In the embodiments, the super resolution is explained as the example of the image processing. However, as other examples, the embodiments are also applicable to training about image processing such as noise removal from an image, removal of a blur, and sharpening. Content of the image processing is not particularly limited. About the image processing trained using the training method, content of the image processing is not limited to the super resolution either.

In the embodiments explained above, the functions of the models 100 to 104 of the control unit 10 are realized by the program. However, all or a part of the models may be realized by hardware such as an ASIC. The program used in the embodiments can also be stored in a recording medium such as a CD-ROM and provided. Replacement, deletion, addition, and the like of the steps explained in the embodiments are possible in a range not changing the gist of the present invention.

Advantageous Effects of Invention

According to an aspect of embodiments, it is possible to perform the training of the image processing such that accuracy of the image processing for the classification domain of input images is improved.

According to an aspect of embodiments, it is possible to complete the training when all of the plurality of image processing models are trained or when the classification label of the training image of the classification domain having the largest number of training images of the cluster is only i-th or k-th.

According to an aspect of embodiments, it is possible to cluster, without requiring labeling in advance, the data set used for the training of the image processing.

According to an aspect of embodiments, it is possible to classify the image that is subjected to the image processing to any one of the predetermined plurality of categories, and subject the image to the image processing with the image processing model associated with the category of the classification result.

According to an aspect of embodiments, it is possible to extract the plurality of partial regions included in the image that is subjected to the image processing, calculate feature values of the plurality of partial regions in the image, and average the calculated feature values to classify the image for the image processing.

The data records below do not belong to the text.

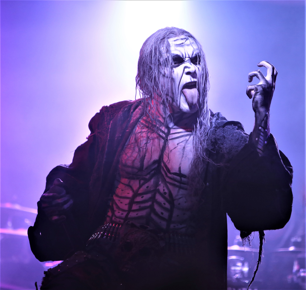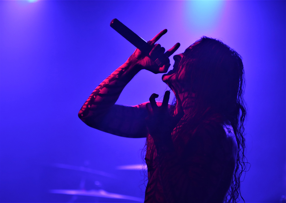 The crowd had morphed into a healthy size, and then as the lights went down and Carach Angren strode through the crowd in order to reach the stage itself, there was no denying who the gathering were there to see tonight. The band were decorated with corpse paint in various guises, and they wasted no time before launching into the set with energy and passion alike. Carach Angren appeared a little constricted on the Rebellions modest stage, although this didn’t stop the energy and commitment shown by ‘Droomers’ He was akin to a leaping gazelle and his vocals were accomplished and powerful, preaching each word with desire and hunger. The rest of the ensemble were tight, each seeming to feed off the others riff or beat. The stage was decorated with a mannequin, which was exposed mid set, just in time for ‘Blood Queen’, with all manner of graffiti and purposeful lines placed with precision. Droomers then welcomed up a member of the audience to be his ‘Blood Queen’ in which there were several willing volunteers. The whole process and theatre became a little cringe worthy and uncomfortable and it wasn’t too soon before the band launched back into the set with a powerful rendition of ‘Blood Queen’ itself.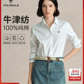 POLOWALK纯棉白色衬衫女上衣秋冬新款修身长袖正装白衬衣内搭休闲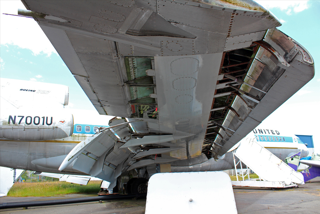 The “slat well” appears to be modeled in a rather basic manner. The inboard slats (Krueger flaps) are divided into three rectangles, the two innermost pieces have curved, retractable tips, whilst the outermost rectangle of the inboard slats doesn’t have a retractable tip; as a result, the slot for the outermost bar has a different shape than the innermost slat pieces. Again, this could be an X-Plane limitation, but it is unfortunate that these visual cues on the 727 are not shown in better detail.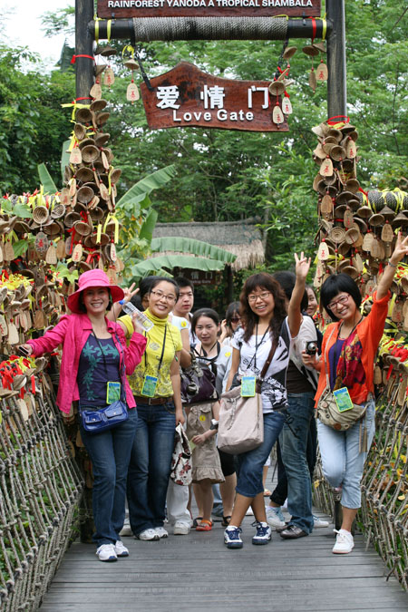 依次路过爱情门、亲情门、友情门、幸福门…我们把每份祝福都送给三亚学院人 为庆祝“三八”国际劳动妇女节100周年,关爱三亚学院女性教职员工,给她们在事业的忙碌中带来一缕休闲和轻松,3月7日,学院工会组织女性教职工游览“呀喏达”热带雨林风景区,感谢她们对学院事业辛勤的付出,共度美好节日。 老师们一边听着导游讲解,一边观察着热带雨林内大量的原始森林和次森林,欣赏“绞杀现象、空中花篮、老茎生花、高板根、藤本攀附、根包石”等雨林奇观,并互相摄影,留下一张张趣味盎然的照片保留这美好的记忆。自费同行而来绅士们则积极主动地为女士们拎包、拍照,做好各项旅游服务。 谷区密林深处的生态栈道、巨石两边陡峭的石级、悬空摇晃的过山吊桥……老师们领略着雨林深处的静谧和神奇,放松身心,同时格外注意保护生态环境,用过的纸巾,空了的饮料瓶都随身携带着,直到走出雨林区才扔进垃圾桶。整个游览过程中大家脸上笑容灿烂却没有人高声说话,生怕惊扰了那些栖息在雨林中的生物,景区导游和工作人员见此情此景,纷纷向老师们竖起大拇指,其他游客也变得更加注重个人举止言行。阳光大学所孕育的阳光文化魅力在老师们的身上再次得以体现,大学价值影响区域文化的作用亦通过每位老师的行为细节得以彰显。

According to an aspect of embodiments, it is possible to perform image processing optimized for the image distributed by the server apparatus.

INDUSTRIAL APPLICABILITY

There are provided an image processing learning program for clustering, without requiring labeling in advance, a data set used for learning of image processing and performing the learning of the image processing such that accuracy of the image processing for classification domains is improved, an image processing program trained by the program, and an information processing apparatus and an image processing system.

REFERENCE SIGNS LIST

  • 1 terminal
  • 2 Web server
  • 3 network
  • 5 super-resolution system
  • 10 control unit
  • 11 storing unit
  • 12 communication unit
  • 13 display unit
  • 14 operation unit
  • 20 Web page information
  • 50 group
  • 100 Web-page-information receiving unit
  • 101 image classifying models
  • 1020, 1021 super-resolution models
  • 103 Web-page-display control means
  • 104 training models
  • 110 Web browser program
  • 111 super resolution program
  • 112 Web page information
  • 113 super-resolution image information
  • 114 super-resolution learning program
  • 130 display image
  • 200 image for distribution

Claims

1. A non-transitory computer-readable medium having stored thereon instructions, that when executed by a processor causes the processor to:

(S-1) prepare a plurality of target images;
(S-2) prepare a plurality of training images, wherein each of the plurality of training images is prepared by lowering a resolution of a corresponding target image of the plurality of target images;
(S-3) for each of the plurality of training images, train and update a first super-resolution model by executing the following steps a) to d): a) input a training image of the plurality of training images into the first super-resolution model and generate a higher-resolution training image, b) compare the higher-resolution training image with a corresponding target image of the plurality of target images, c) calculate a difference between the higher-resolution training image and the corresponding target image, d) update the first super-resolution model through a feedback of the calculated difference;
(S-4) for each of the plurality of training images, train a second super-resolution model in a same manner as training the first super-resolution model by executing the steps a) to d) in (S-3), thereby update the second super-resolution model;
(S-5) label each of the plurality of training images based on the differences obtained from the updated first super-resolution model and the updated second super-resolution model through the step d) in (S-3), and classify each of the plurality of training images according to each label representing a preference of either the updated first super-resolution model or the updated second super-resolution model;
(S-6) using each of the plurality of training images that are clustered in a largest cluster, based on the classification of the plurality of training images, that includes a greatest number of the plurality of training images having a commonly preferred updated super-resolution model,
train a super-resolution model-K in a same manner as training the first super-resolution model by executing the steps a) to d) in (S-3), thereby update the super-resolution model-K, wherein K is an arbitrary number in a sequence;
(S-7) update the label of each of the training images of the plurality of training images in the largest cluster based on differences obtained from the updated super-resolution model-K and the commonly preferred updated super-resolution model, and re-classify the training images of the plurality of training images in the largest cluster into sub-clusters according to each of the updated label representing a preference of either the updated super-resolution model-K or the commonly preferred updated super-resolution model; and
(S-8) repeat (S-6)-(S-7) to generate sub-clusters until a predetermined condition is satisfied.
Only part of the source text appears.